After obtaining a fine-grained feature set, machine learning is applied to determine whether the application is malware or benign. To develop a model to train the Decision Tree algorithm, which can quickly handle large feature sets, is applied. Easily obfuscated features can be regarded as less important, and features that are invariant under obfuscation can be more important.
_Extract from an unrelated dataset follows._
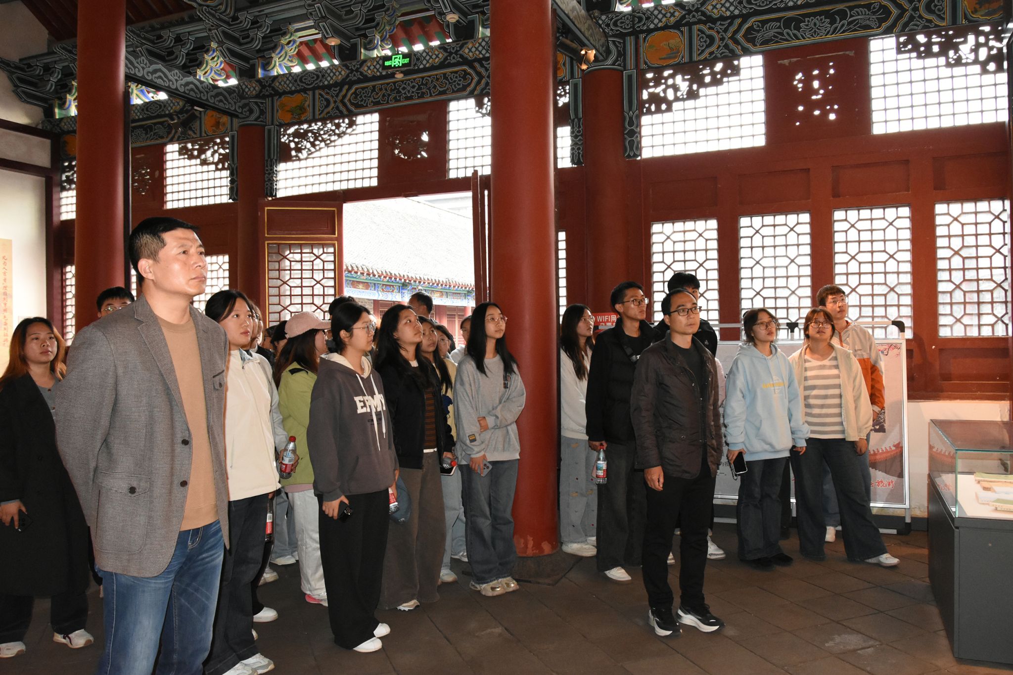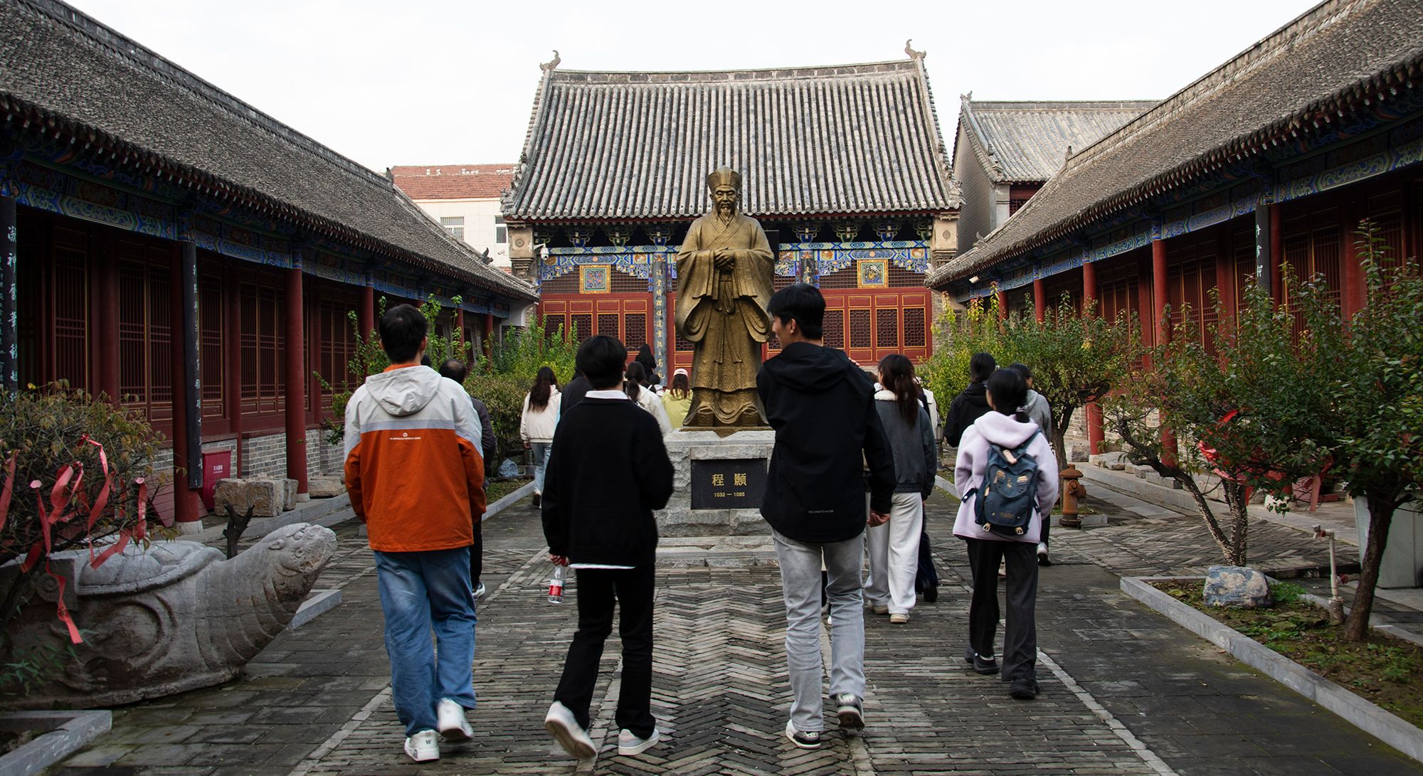 大程书院,为北宋著名理学家、教育家程颢创建,是中国古代书院文化的活化石。同学们怀着崇敬之心踏入这座千年学府。青砖灰瓦,古柏参天,浓厚的文化气息瞬间将大家带入历史的长河。在讲解员的引导下,同学们参观了立雪讲堂、东文场、西文场等历史遗迹,认真聆听了程颢、程颐“二程”在此讲学论道的历史故事。通过对“程门立雪”等经典典故的实地了解,书本上抽象的理学思想变得生动而具体,先贤们追求真理、严谨治学的精神深深触动了每一位学子。

In the testing process, a built-in scoring model [36] is used to evaluate testing sets based on a calculated scoring factor. The trained model can then apply this scoring factor to dataset features to decide whether an application is malware or benign.

4 Performance Evaluation

4.1 The Environment

To assess the performance of the proposed method, we carried out intensive comparative simulation using un-obfuscated, obfuscated, and native datasets. To measure overall performance in a practical scenario, we also conducted a simulation using a mixed dataset obtained by combining the datasets. The individual datasets were themselves obtained by combining multiple datasets from various sources such as Drebin [18], Marvin [5], and Praguard [17]. More specifically speaking, benign data were solely obtained from Marvin dataset while native but non-obfuscated data were obtained from Marvin and Drebin datasets. Praguard dataset contains obfuscated data obtained by obfuscating the MalGenome and Cotagio minidump datasets, so obfuscated data were obtained only from Praguard dataset. The specifications of each dataset are listed in Tab. 2.

images

To test the effectiveness of our approach in detecting malware applications, we compared it with five of the latest approaches—Adagio, MUDFLOW, RevealDroid, Droid-Native, and DroidSieve among latest researches [4,5,17,18,37,38]. Tab. 3 lists the capabilities and years of introduction for each competitor.

images

The comparative evaluation was based on results reported in the literature from 2013 to 2017 under four scenario cases: traditional un-obfuscated, obfuscated, native, and mixed datasets. As each system has its own purposes and limitations, we took the capabilities in Tab. 3 into account in the comparison.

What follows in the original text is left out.